Experimental Design and the Football Draw

Have you ever wondered about how the AFL football draw, or indeed any competitive sporting draw, is selected?  Clearly (if you can remain unbiased!) it is desirable to give every team an equal opportunity to finish on top of the ladder, based on merit rather than luck.  Ideally each team would play every other team the same number of times and under the same conditions.  However, this is not always possible in practice.  Constraints such as the number of available playing days, limiting each team to not more than one game each weekend, and balancing the number of home and away or evening and afternoon games all need to be taken into account.

What is the best way to achieve this balance?

Anyone who has experienced organising or participating in a tournament at a sports club will be aware of how hard it can be to ensure fairness for all teams.  The writer personally experienced in her childhood an annual tennis tournament consisting of several doubles matches where in one year she won the tournament, and in the next year she received the "wooden spoon"! 

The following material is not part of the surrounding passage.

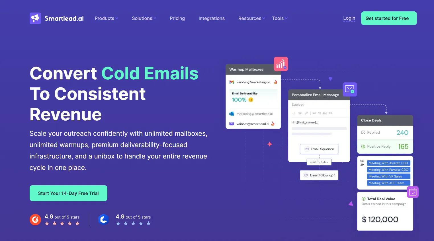 Smartlead's cold email outreach tool helps businesses scale their outreach efforts seamlessly. With unlimited mailboxes, fully automated email warmup functionality, a multi-channel infrastructure, and a user-friendly unibox, it empowers users to manage their entire revenue cycle in one place. Whether you're looking to streamline cold email campaigns with automated email warmups, personalization fields, automated mailbox rotation, easy integrations, and spintax, improve productivity, or enhance scalability with subsequences based on lead’s intentions, automated replies, and full white-label experience, our cold email tool implifies it in a single solution.

These sporting draws are examples of experimental designs, where the aim is to find the best team or player, or to rate them on their playing ability.  Usually, we can directly compare only two teams at any one time, but by carefully balancing which pairs of teams play and in which order, we are able to indirectly assess all teams relative to each other in an optimal way.  

There are other specific constraints that need to be taken into account when selecting the AFL football draw.  For example, the tradition that Collingwood and Essendon always play each other on Anzac Day and that the two Western Australian teams never have home games on the same weekend (except when playing each other, of course). 

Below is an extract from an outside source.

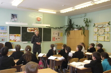 Тема выступления: «Безопасное поведение в пути следования в школу и обратно. Безопасное поведение на улице, в подъезде, в лифте, при общении с незнакомым человеком». Беседы проведены с учащимися 1-6 классов в количестве 217 человек, а также с педагогическим коллективом начальных классов – 8 классных руководителей.

There are many parallels here with the design of experiments in the more traditional areas of industry and research, including agriculture, the environment, medical and other scientific settings.  

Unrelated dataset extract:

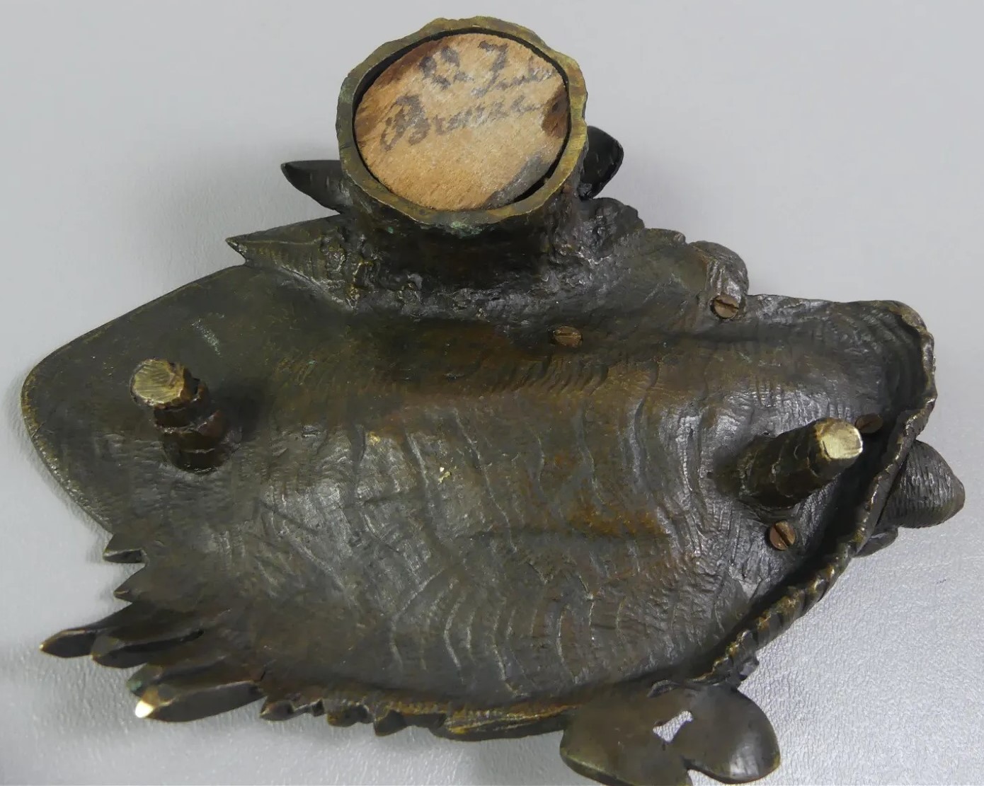 A bronze inkstand in the form of a pond inhabited by two ducks and a frog flanking a cut glass inkwell with an unattached lid with a beetle finial.

Even for seemingly simple designs, the task can be complex.  Sometimes decisions worth thousands or millions of dollars can rest on conclusions drawn from an experiment, so getting it right is crucial.  Considerable mathematical and statistical theory has been developed over the years to cope with such problems - an internet search for "tournament design", for example, gives an indication of the breadth of this issue.  There are different techniques to ensure fairness, and many different classes of experiment have been developed.  

Figure 1, shows an historical forestry experiment laid out in a Latin Square design, which aims to simultaneously balance the effects of upper or lower slope and position across the slope. 

Data Analysis Australia employs skilled mathematicians and statisticians with the training and experience to consider the many inter-related aspects necessary to design efficient and robust experiments.  

What is an experiment?

An experiment is a study in which the experimenter controls or manipulates certain conditions, called experimental treatments, and measures outcomes or responses, so that it can be inferred that the treatment caused the outcome.  This is different from an observational study in which associations can be demonstrated but causality cannot unambiguously be inferred.  For example, it might be discovered that people are more likely to die if in a hospital than in their own home, but we should not conclude that hospitals are inherently unsafe - people who are more seriously ill tend to be taken to hospitals.  (In fact, if the difference in illness levels was controlled for, we'd hope to find a smaller chance of dying in hospital than at home.  However this is not a situation where we'd want to perform a formal experiment, randomly choosing whether to send a person to hospital or leave them at home!)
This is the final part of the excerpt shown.